* [EXERCISE]: Write out the lines of the material below exactly, beginning at the line with "Wooden Ornament - Small" and stopping after the line with "- 먼저, 주어진 간선 정보를 저장하고, 인접 정점들을 오름차순 정렬해 줍니다.", and leave out the pictures.

* [SUPPLIED MATERIAL]:
--
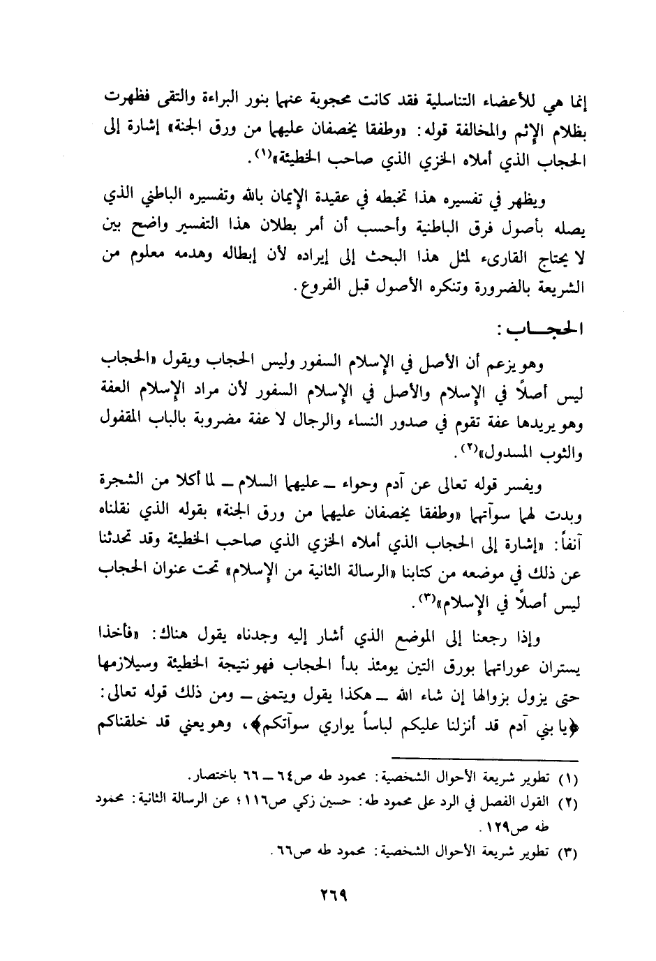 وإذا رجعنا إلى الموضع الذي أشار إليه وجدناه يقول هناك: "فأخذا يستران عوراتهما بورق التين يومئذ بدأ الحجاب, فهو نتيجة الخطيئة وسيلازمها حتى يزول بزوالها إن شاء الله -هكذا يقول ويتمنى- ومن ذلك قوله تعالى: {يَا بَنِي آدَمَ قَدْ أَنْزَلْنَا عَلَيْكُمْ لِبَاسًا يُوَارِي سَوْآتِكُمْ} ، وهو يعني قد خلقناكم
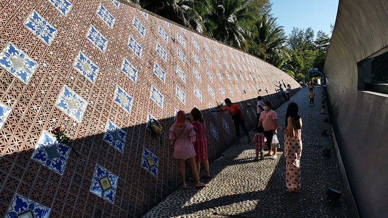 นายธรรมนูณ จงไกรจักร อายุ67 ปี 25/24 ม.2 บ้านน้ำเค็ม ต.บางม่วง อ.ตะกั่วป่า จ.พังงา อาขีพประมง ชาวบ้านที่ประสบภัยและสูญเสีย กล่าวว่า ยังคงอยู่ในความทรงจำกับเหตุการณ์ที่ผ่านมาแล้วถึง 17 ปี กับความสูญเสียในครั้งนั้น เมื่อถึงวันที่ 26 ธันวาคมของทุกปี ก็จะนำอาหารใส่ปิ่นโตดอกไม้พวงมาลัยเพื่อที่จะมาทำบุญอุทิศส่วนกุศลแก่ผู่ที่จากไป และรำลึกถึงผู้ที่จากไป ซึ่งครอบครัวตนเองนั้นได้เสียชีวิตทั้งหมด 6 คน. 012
--
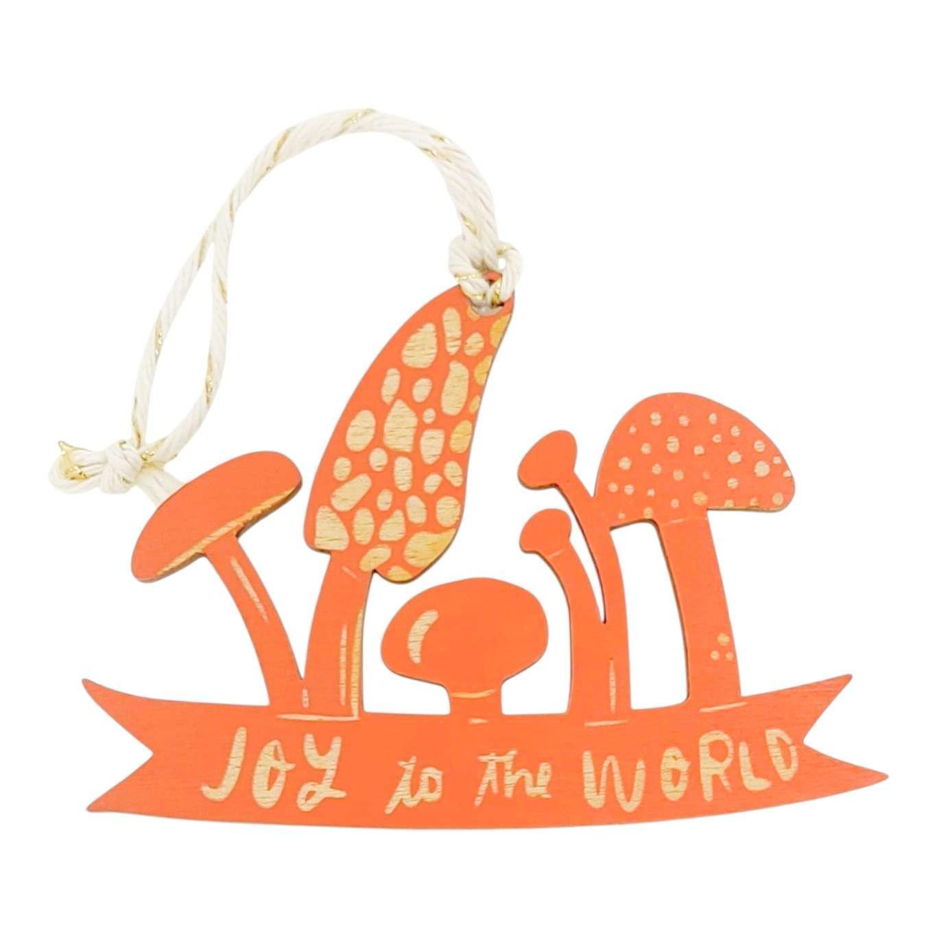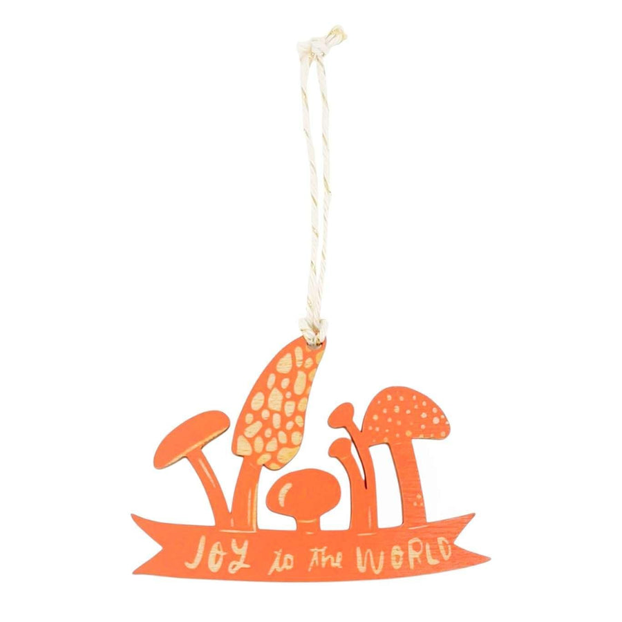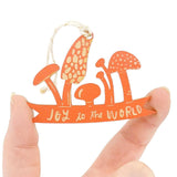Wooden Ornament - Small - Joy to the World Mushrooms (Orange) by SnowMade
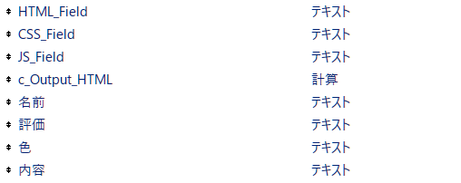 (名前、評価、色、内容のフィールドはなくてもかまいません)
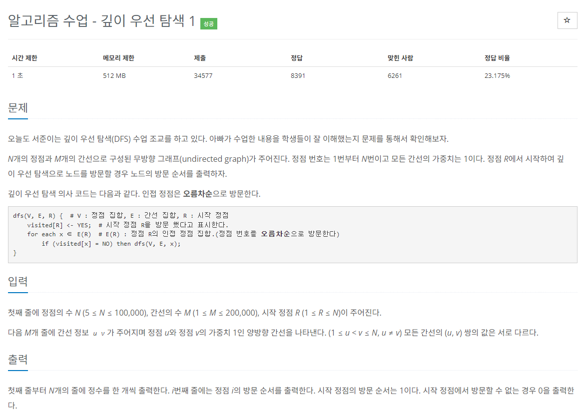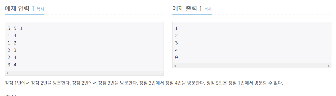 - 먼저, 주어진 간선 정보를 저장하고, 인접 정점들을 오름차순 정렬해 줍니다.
--
* [RESPONSE FOR THIS EXERCISE]:
Wooden Ornament - Small - Joy to the World Mushrooms (Orange) by SnowMade
 (名前、評価、色、内容のフィールドはなくてもかまいません)
 - 먼저, 주어진 간선 정보를 저장하고, 인접 정점들을 오름차순 정렬해 줍니다.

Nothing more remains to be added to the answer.